──────── Provided material

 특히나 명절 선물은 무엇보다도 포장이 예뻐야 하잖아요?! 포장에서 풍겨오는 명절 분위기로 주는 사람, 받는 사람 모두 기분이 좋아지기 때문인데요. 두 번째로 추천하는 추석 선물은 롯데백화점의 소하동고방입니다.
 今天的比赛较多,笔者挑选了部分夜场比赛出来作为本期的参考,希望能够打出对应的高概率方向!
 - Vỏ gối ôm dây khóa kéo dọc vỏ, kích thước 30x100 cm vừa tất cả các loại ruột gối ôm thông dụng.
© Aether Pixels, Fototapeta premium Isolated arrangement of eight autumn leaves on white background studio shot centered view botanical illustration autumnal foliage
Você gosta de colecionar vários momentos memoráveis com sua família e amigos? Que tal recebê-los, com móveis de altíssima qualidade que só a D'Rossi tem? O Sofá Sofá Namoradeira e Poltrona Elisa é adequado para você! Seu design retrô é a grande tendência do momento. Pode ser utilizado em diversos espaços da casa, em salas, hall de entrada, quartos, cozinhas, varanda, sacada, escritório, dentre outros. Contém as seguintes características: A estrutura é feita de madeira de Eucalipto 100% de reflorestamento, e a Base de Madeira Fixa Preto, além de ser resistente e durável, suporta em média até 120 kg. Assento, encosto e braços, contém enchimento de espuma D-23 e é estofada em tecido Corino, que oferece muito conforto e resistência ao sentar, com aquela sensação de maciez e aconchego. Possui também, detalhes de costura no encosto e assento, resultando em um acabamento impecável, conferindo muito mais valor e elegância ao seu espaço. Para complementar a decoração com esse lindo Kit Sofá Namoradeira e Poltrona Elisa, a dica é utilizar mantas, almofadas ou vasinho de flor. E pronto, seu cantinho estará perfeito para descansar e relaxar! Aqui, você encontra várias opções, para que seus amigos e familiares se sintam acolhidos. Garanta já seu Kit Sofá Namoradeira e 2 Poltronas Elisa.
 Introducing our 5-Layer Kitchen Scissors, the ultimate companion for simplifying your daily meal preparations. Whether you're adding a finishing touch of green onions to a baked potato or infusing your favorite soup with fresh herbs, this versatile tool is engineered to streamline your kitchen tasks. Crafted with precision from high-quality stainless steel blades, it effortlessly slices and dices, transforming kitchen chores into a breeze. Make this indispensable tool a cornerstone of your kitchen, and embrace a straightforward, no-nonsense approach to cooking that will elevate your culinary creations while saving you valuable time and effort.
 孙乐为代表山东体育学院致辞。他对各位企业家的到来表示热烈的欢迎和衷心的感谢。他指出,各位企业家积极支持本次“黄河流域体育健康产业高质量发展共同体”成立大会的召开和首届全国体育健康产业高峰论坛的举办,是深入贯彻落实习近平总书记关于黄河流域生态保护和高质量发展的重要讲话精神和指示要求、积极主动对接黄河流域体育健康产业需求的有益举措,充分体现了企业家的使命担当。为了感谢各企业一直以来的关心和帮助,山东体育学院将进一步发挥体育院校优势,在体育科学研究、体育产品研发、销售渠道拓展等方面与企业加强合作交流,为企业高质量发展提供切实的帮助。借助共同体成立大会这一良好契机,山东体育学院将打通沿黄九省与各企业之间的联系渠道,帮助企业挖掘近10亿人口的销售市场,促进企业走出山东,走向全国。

────────────────
──────── Provided material

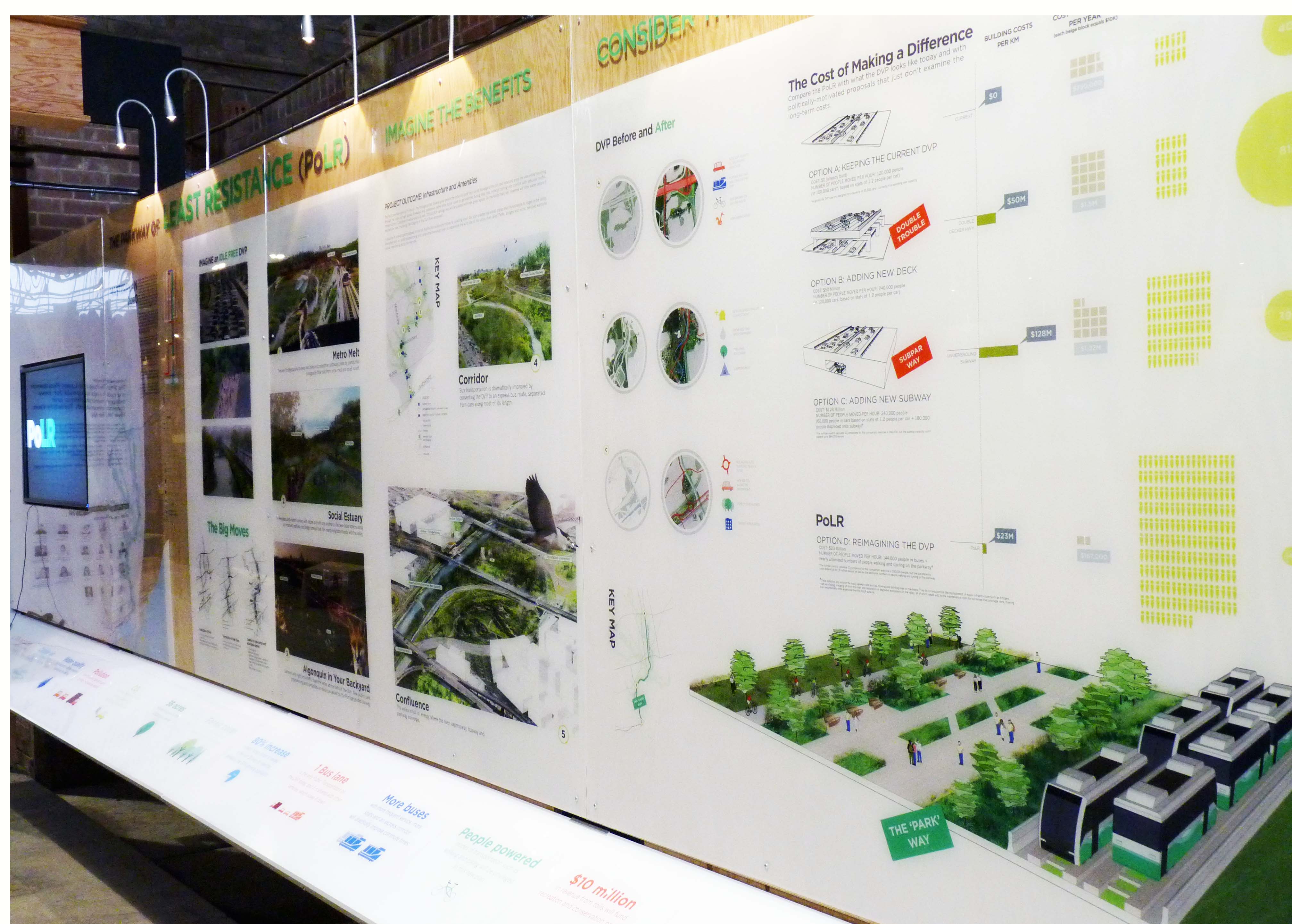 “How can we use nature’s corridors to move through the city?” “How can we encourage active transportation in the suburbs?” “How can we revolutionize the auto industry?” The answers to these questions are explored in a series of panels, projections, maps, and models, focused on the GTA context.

────────────────

Proceeding from the line containing "특히나 명절 선물은 무엇보다도" through the line containing "illustration autumnal foliage", transcribe the lines above exactly, both end lines included.

 특히나 명절 선물은 무엇보다도 포장이 예뻐야 하잖아요?! 포장에서 풍겨오는 명절 분위기로 주는 사람, 받는 사람 모두 기분이 좋아지기 때문인데요. 두 번째로 추천하는 추석 선물은 롯데백화점의 소하동고방입니다.
 今天的比赛较多,笔者挑选了部分夜场比赛出来作为本期的参考,希望能够打出对应的高概率方向!
 - Vỏ gối ôm dây khóa kéo dọc vỏ, kích thước 30x100 cm vừa tất cả các loại ruột gối ôm thông dụng.
© Aether Pixels, Fototapeta premium Isolated arrangement of eight autumn leaves on white background studio shot centered view botanical illustration autumnal foliage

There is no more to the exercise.